● **What you have to do**
Take from the entries below the stretch from the line with "Huixtla, Chiapas, Octubre" through the line with "പരിശോധനാ ഫലം പോസിറ്റീവായത്.", and return it exactly, leaving the pictures out.

** Opening Data section block **

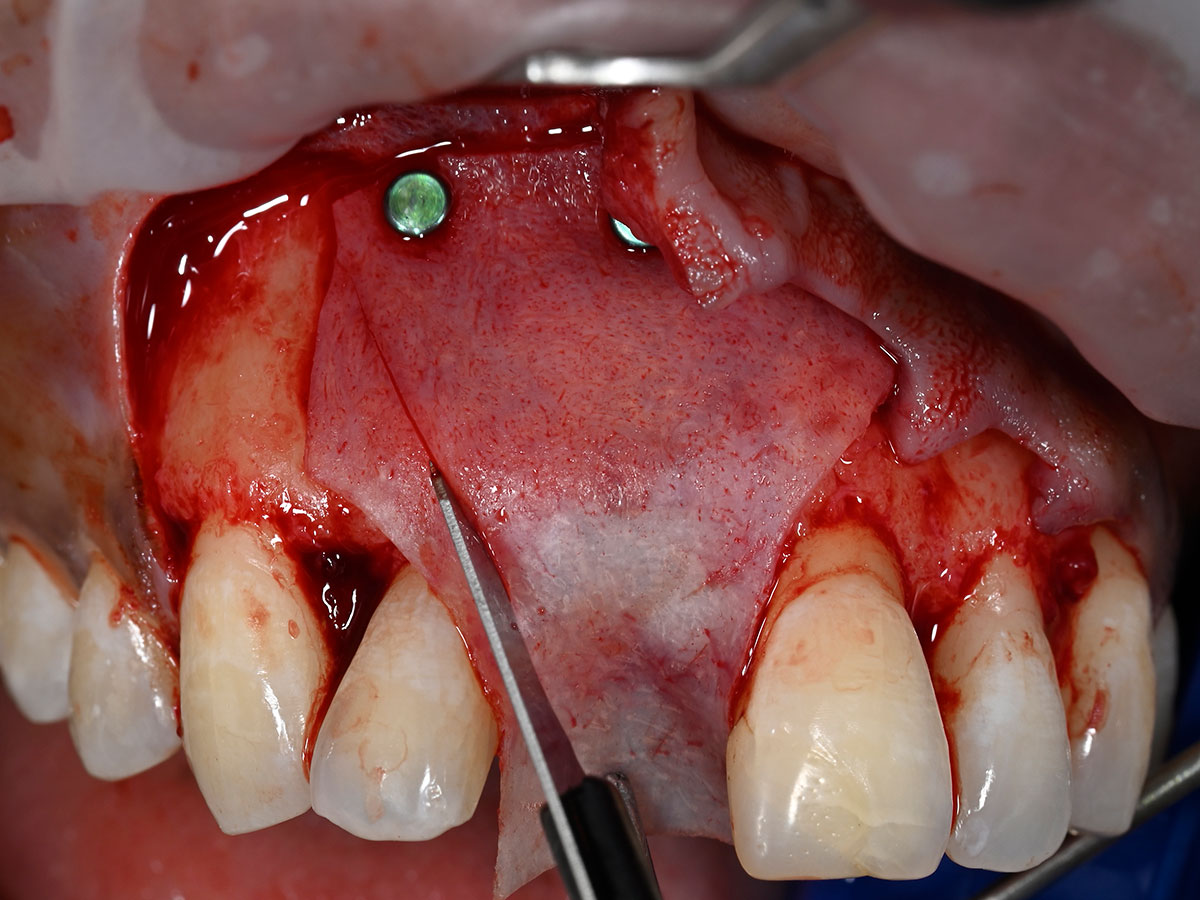 Anpassung der rehydrierten und mit Pins fixierten Osteobiol Lamina Membran im Defekt.
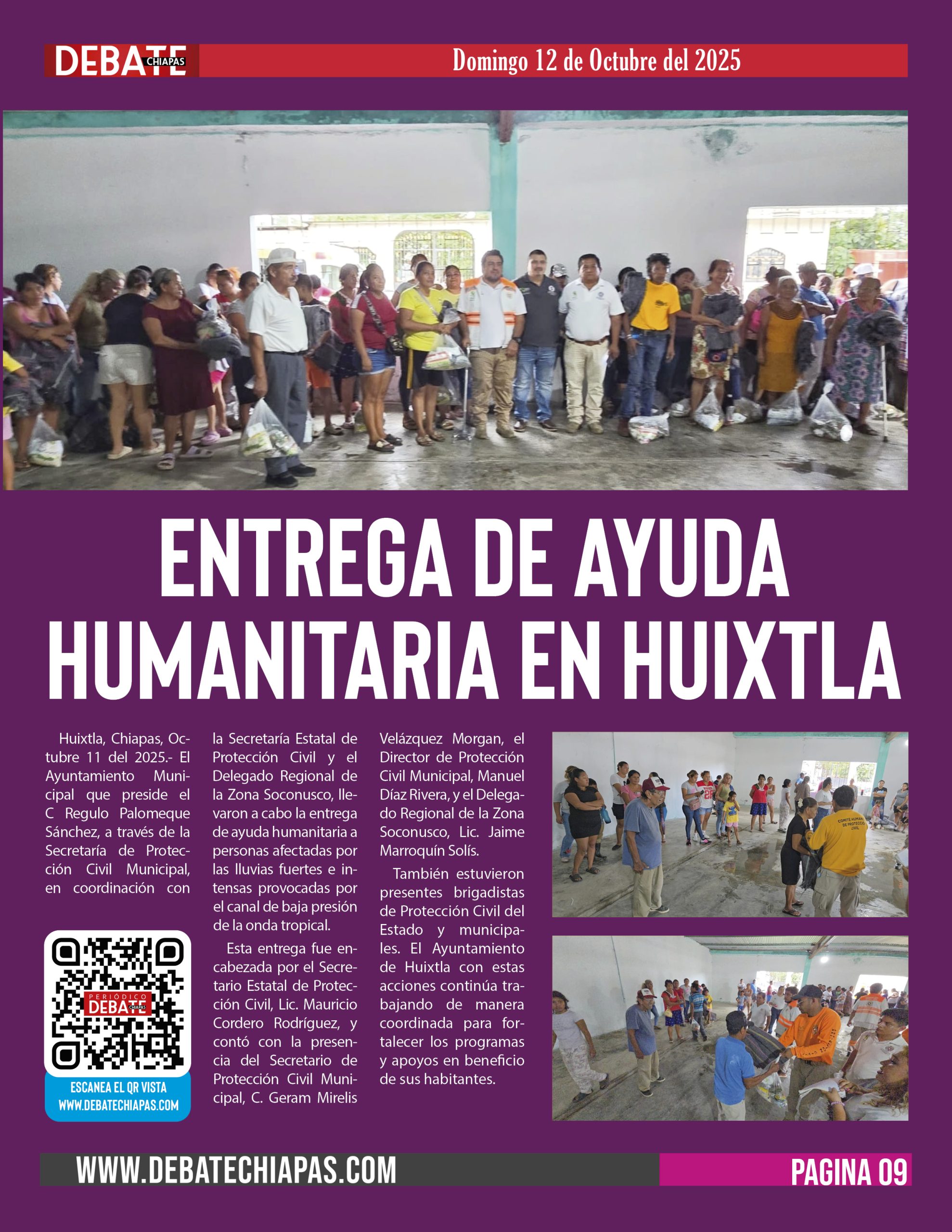 Huixtla, Chiapas, Octubre 11 del 2025.- El Ayuntamiento Municipal que preside el C Regulo Palomeque Sánchez, a través de la Secretaría de Protección Civil Municipal, en coordinación con la Secretaría Estatal de Protección Civil y el Delegado Regional de la Zona Soconusco, llevaron a cabo la entrega de ayuda humanitaria a personas afectadas por las lluvias fuertes e intensas provocadas por el canal de baja presión de la onda tropical.
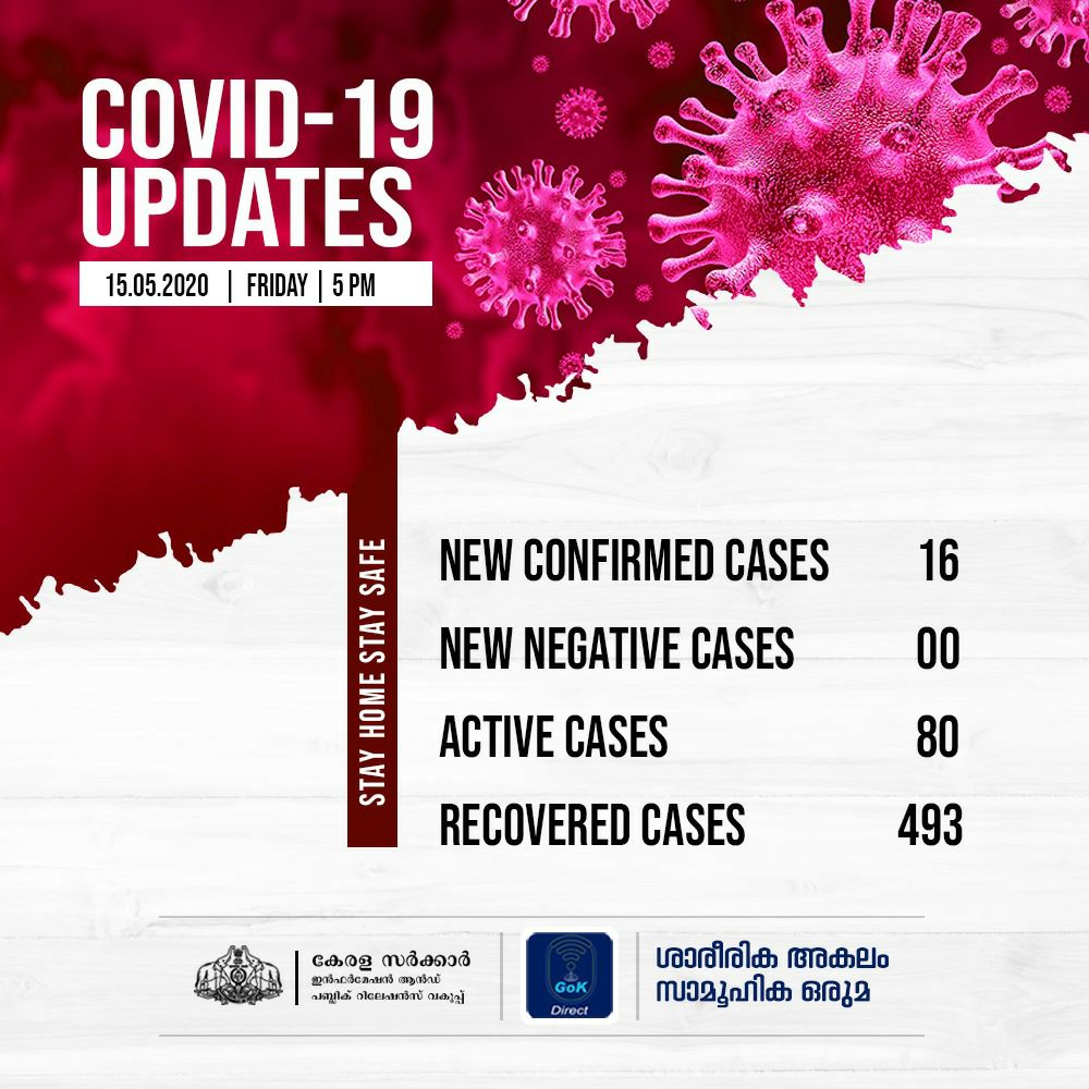 ​​ഇന്ന് 16 പേര്‍ക്കാണ് കോവിഡ് 19 സ്ഥിരീകരിച്ചത്. ഇന്നത്തെ പരിശോധനാ ഫലത്തില്‍ നെഗറ്റീവ് ഇല്ല. വയനാട് 5, മലപ്പുറം 4, ആലപ്പുഴ, കോഴിക്കോട് 2 വീതം, കൊല്ലം, പാലക്കാട്, കാസര്‍കോട് ഒന്നുവീതം എന്നിങ്ങനെയാണ് പരിശോധനാ ഫലം പോസിറ്റീവായത്.
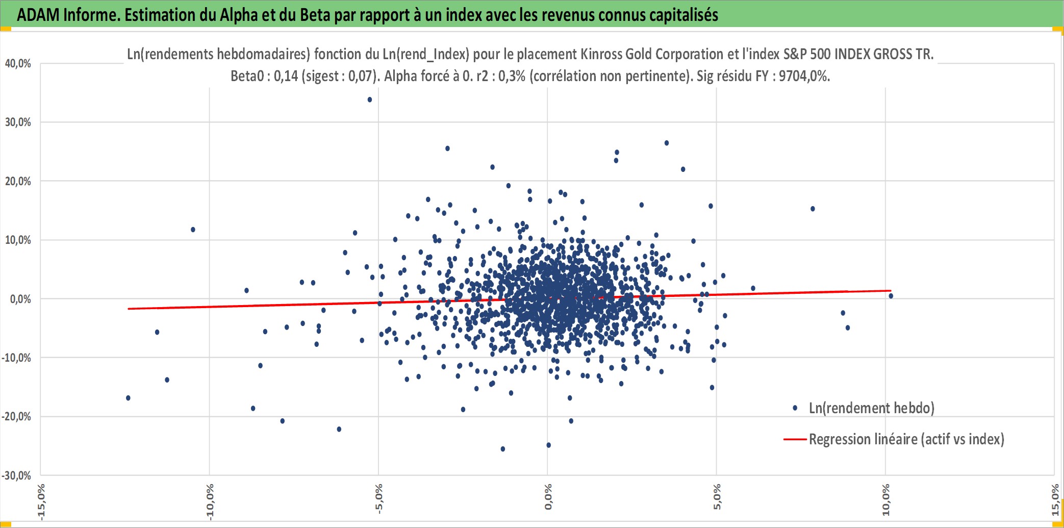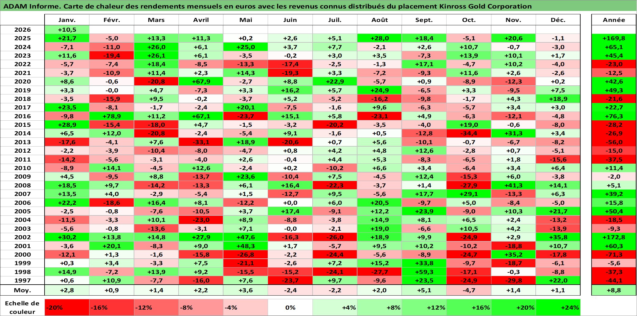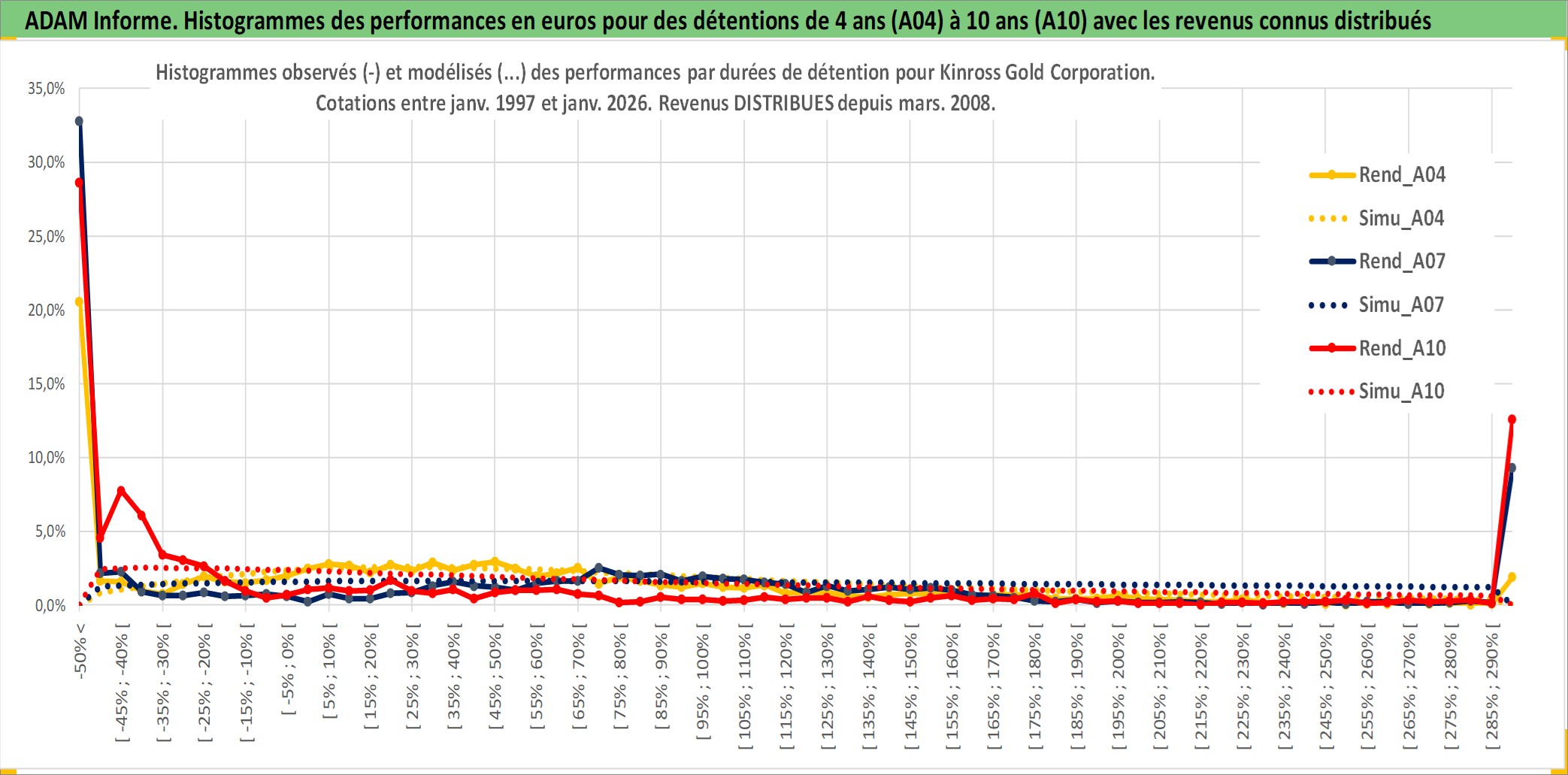 Site dédié aux investisseursPage dédiée sur site financeAnalyse des valorisations hebdomadaires de l'action Kinross Gold Corporation. Cet actif est cote en USD. Les valorisations sont en contrevaleur EURO et couvrent les semaines 1997W01 a 2026W05. Les revenus de cet actif financier sont pris en compte depuis la semaine 2008W12. La note ESG de cet actif n'est pas connue.
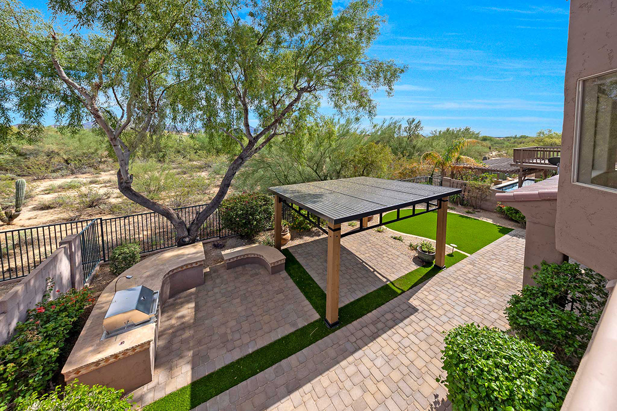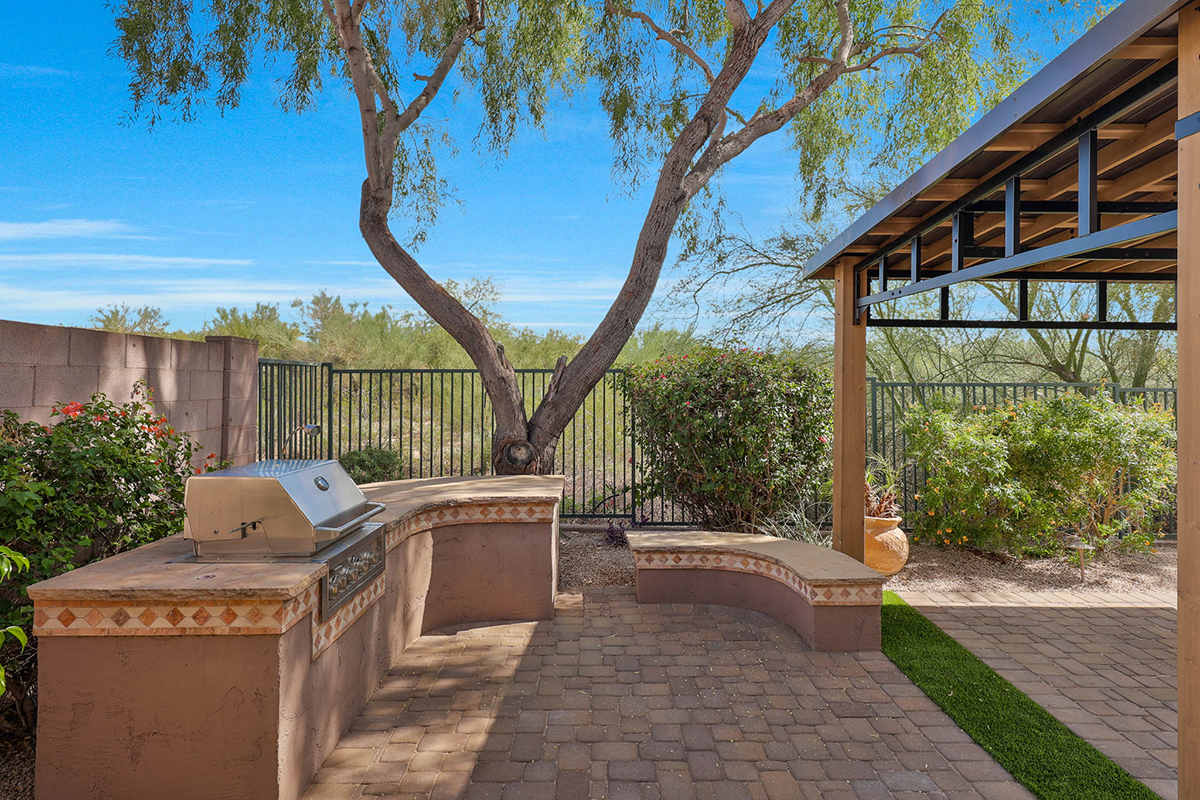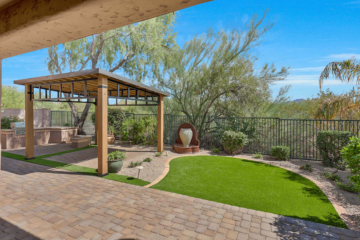 The backyard is designed for entertaining with a freestanding pergola, built-in BBQ, artificial turf, and two covered patios, all backing to Natural Area Open Space for added privacy and serene desert views.

** Closing Data section block **

● **Response to this task**
 Huixtla, Chiapas, Octubre 11 del 2025.- El Ayuntamiento Municipal que preside el C Regulo Palomeque Sánchez, a través de la Secretaría de Protección Civil Municipal, en coordinación con la Secretaría Estatal de Protección Civil y el Delegado Regional de la Zona Soconusco, llevaron a cabo la entrega de ayuda humanitaria a personas afectadas por las lluvias fuertes e intensas provocadas por el canal de baja presión de la onda tropical.
 ​​ഇന്ന് 16 പേര്‍ക്കാണ് കോവിഡ് 19 സ്ഥിരീകരിച്ചത്. ഇന്നത്തെ പരിശോധനാ ഫലത്തില്‍ നെഗറ്റീവ് ഇല്ല. വയനാട് 5, മലപ്പുറം 4, ആലപ്പുഴ, കോഴിക്കോട് 2 വീതം, കൊല്ലം, പാലക്കാട്, കാസര്‍കോട് ഒന്നുവീതം എന്നിങ്ങനെയാണ് പരിശോധനാ ഫലം പോസിറ്റീവായത്.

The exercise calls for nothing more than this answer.